Start of PROVIDED MATERIAL
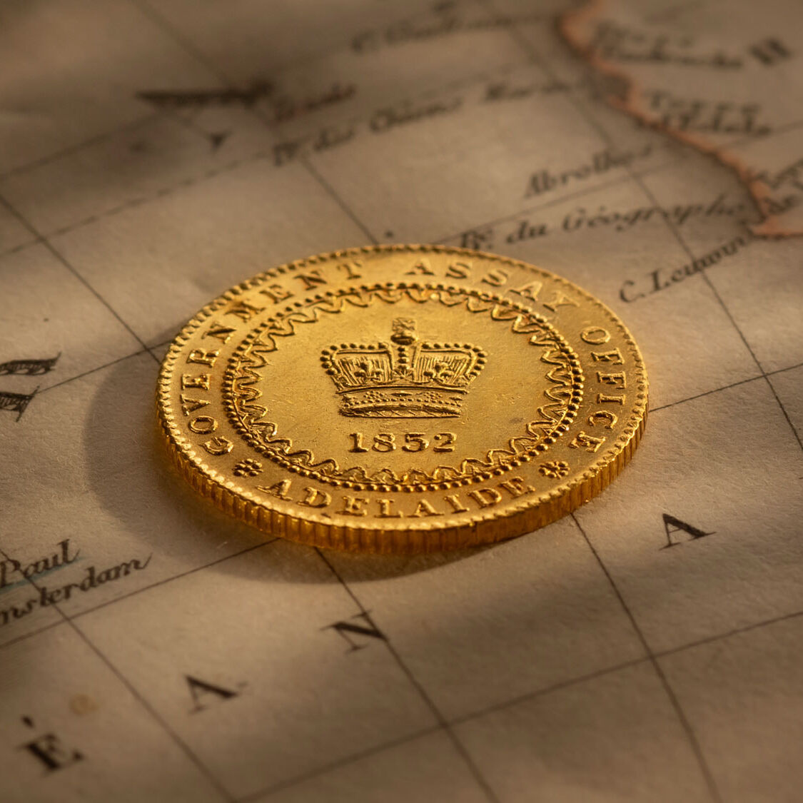 The discovery of gold in 1851 is one of the most extraordinary chapters in Australian history, transforming the economy and society and marking the beginnings of a modern multi-cultural Australia. It also led to the creation of the nation’s first gold coin, the 1852 Adelaide Pound.
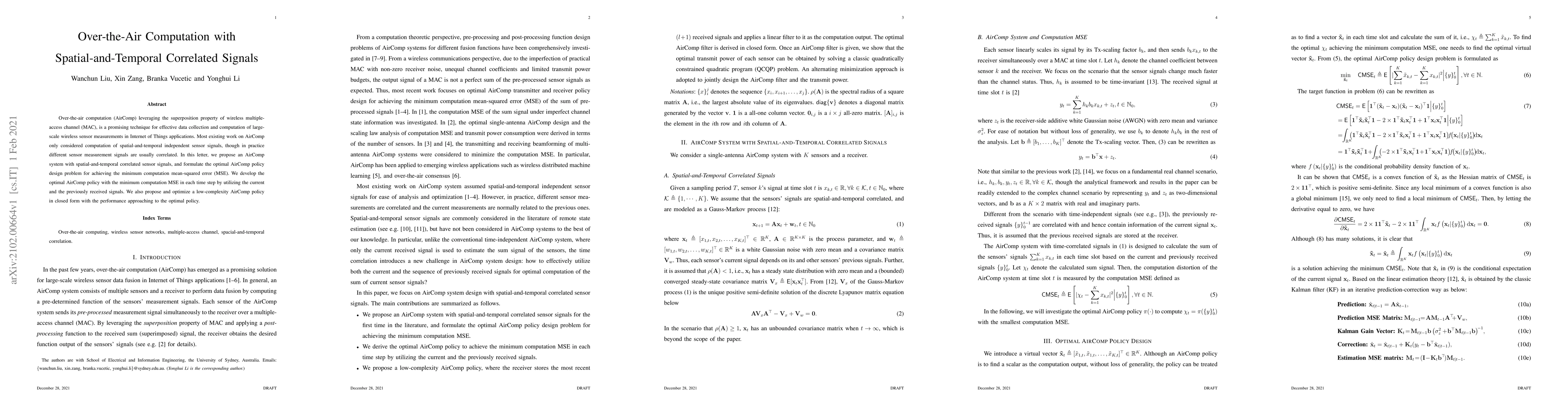 This paper proposes an over-the-air computation system for correlated sensor signals in IoT applications, addressing the challenge of spatial-and-temporal correlations. It develops an optimal policy to minimize computation mean-squared error and a low-complexity alternative with near-optimal performance.
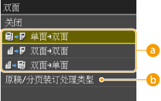 <双面> 对于某些纸张尺寸和类型可能无法使用。 <双面> 在使用 <ID卡复印> 时无法使用。 |
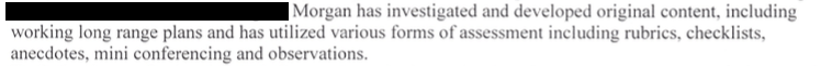 During Field III I designed a long range plan for the Geometry unit for my grade 1 students. One stand out lesson and assessment I did was a tangram class book the students helped to make. After multiple lessons learning what tangrams were and reading two books about tangrams, we read a mentor text and the students used paper tangrams and black construction paper to make a tangram shape on a page to be bound in a book they could look at for the rest of the year. By using a mentor text for a read-aloud and discussion and hands-on manipulatives, we were able to develop skills in literacy and numeracy. The text I chose reflected where they were at in their reading skills, meeting them where they are at with an age-appropriate book. I assessed their work using a checklist assessment that included a row for mini-conferencing to gather written and verbal evidence of learning. I’ve attached the lesson plan, the checklist rubric, and an excerpt from my Field III Partner Teacher assessment that touches on my assessment strategies. I’ve also included a page from my Advice For A Future (Super) Teacher book from Field II which a student made that speaks to how that student engaged in my math lessons that fostered an understanding of the intended learning outcomes.
End of PROVIDED MATERIAL
INSTRUCTIONS TO FOLLOW = Take the listing above and print it exactly, apart from the pictures.

RESPONSE AREA =
 The discovery of gold in 1851 is one of the most extraordinary chapters in Australian history, transforming the economy and society and marking the beginnings of a modern multi-cultural Australia. It also led to the creation of the nation’s first gold coin, the 1852 Adelaide Pound.
 This paper proposes an over-the-air computation system for correlated sensor signals in IoT applications, addressing the challenge of spatial-and-temporal correlations. It develops an optimal policy to minimize computation mean-squared error and a low-complexity alternative with near-optimal performance.
 <双面> 对于某些纸张尺寸和类型可能无法使用。 <双面> 在使用 <ID卡复印> 时无法使用。 |
 During Field III I designed a long range plan for the Geometry unit for my grade 1 students. One stand out lesson and assessment I did was a tangram class book the students helped to make. After multiple lessons learning what tangrams were and reading two books about tangrams, we read a mentor text and the students used paper tangrams and black construction paper to make a tangram shape on a page to be bound in a book they could look at for the rest of the year. By using a mentor text for a read-aloud and discussion and hands-on manipulatives, we were able to develop skills in literacy and numeracy. The text I chose reflected where they were at in their reading skills, meeting them where they are at with an age-appropriate book. I assessed their work using a checklist assessment that included a row for mini-conferencing to gather written and verbal evidence of learning. I’ve attached the lesson plan, the checklist rubric, and an excerpt from my Field III Partner Teacher assessment that touches on my assessment strategies. I’ve also included a page from my Advice For A Future (Super) Teacher book from Field II which a student made that speaks to how that student engaged in my math lessons that fostered an understanding of the intended learning outcomes.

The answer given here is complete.